# Fool's Day - All the best pranks and fake stories from around the world



## Northerner (Apr 1, 2015)

April Fools’ Day: the day of the year when paranoia reigns and you can’t make it out of the front door without being subjected to a cruel prank. Join us as we keep you informed of the best, worst and downright funniest tricks of April 1st.

http://www.independent.co.uk/news/m...es-from-the-day-we-love-to-hate-10146719.html

Some funny ones


----------



## Monica (Apr 1, 2015)

Well, I've just played the Pac Man game on Google Maps.

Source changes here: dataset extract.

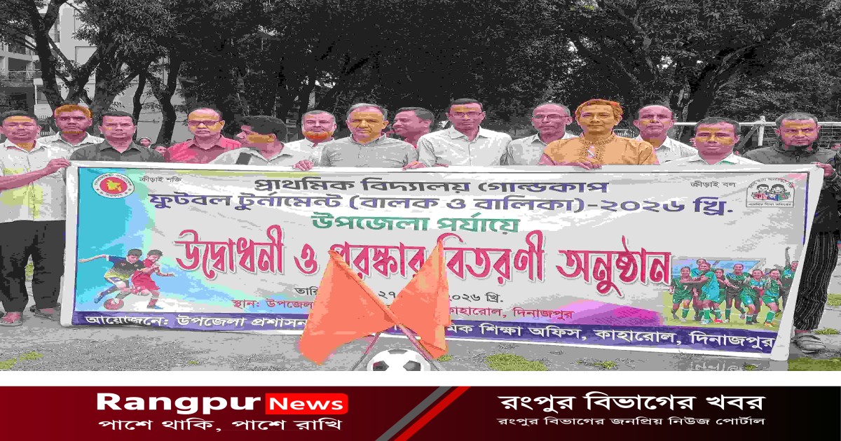 উৎসবমুখর পরিবেশে অনুষ্ঠিত হলো প্রাথমিক বিদ্যালয় গোল্ডকাপ ফুটবল টুর্নামেন্টের উদ্বোধনী অনুষ্ঠান।উপজেলা প্রশাসন ও উপজেলা প্রাথমিক শিক্ষা অফিসের আয়োজনে ২৬ এপ্রিল রবিবার ২০২৬ ইং তারিখে সকাল ১০ ঘটিকায় উপজেলা পরিষদ মাঠ প্রাঙ্গণে এই টুর্নামেন্টের উদ্বোধনী অনুষ্ঠান অনুষ্ঠিত হয়েছে। খেলা উদ্বোধন করেন, দিনাজপুর -১ আসনের জাতীয় সংসদ সদস্য আলহাজ্ব মোঃ মনজুরুল ইসলাম এর প্রতিনিধি হিসেবে কাহারোল উপজেলা বিএনপির সভাপতি মোঃ গোলাম মোস্তফা বাদশা। এ সময় উপস্থিত ছিলেন, উপজেলা প্রাথমিক শিক্ষা অফিসার এম এ জিন্নাত আলী, সহকারী শিক্ষা অফিসার মোঃ সিরাজ উদ্দিন, রামচন্দ্র পুর মডেল সরকারি প্রাথমিক বিদ্যালয়ের প্রধান শিক্ষক মোঃ আশরাফুল ইসলাম, কামোর সরকারি প্রাথমিক বিদ্যালয়ের প্রধান শিক্ষক মোঃ মামুনুর রশিদ সহ উপজেলার বিভিন্ন প্রাথমিক বিদ্যালয়ের শিক্ষক বৃন্দ উপস্থিত ছিলেন।

I guess that one was a reverse April Fool, as I really thought it WAS an April Fool


----------



## Copepod (Apr 1, 2015)

I like the BBC Springwatch one about a crocodile nest in Avon Gorge near Bristol. The fact that the sex ratio of hatchlings of many reptile species depends on temperature of nest pile could easily be considered an April Fool.


----------



## robert@fm (Apr 2, 2015)

10 stories which look like April Fool's pranks but aren't

Too much dancing on the fight floor!


----------



## ypauly (Apr 2, 2015)

One of our engineers got his manager to ring our local electrical suppliers to speak to Kay Bull about an order query


----------



## Northerner (Apr 2, 2015)

ypauly said:


> One of our engineers got his manager to ring our local electrical suppliers to speak to Kay Bull about an order query



Teehee!    No pay rise for him!


----------



## Maryanne29 (Apr 4, 2015)

I got my Insight on 1 April'


----------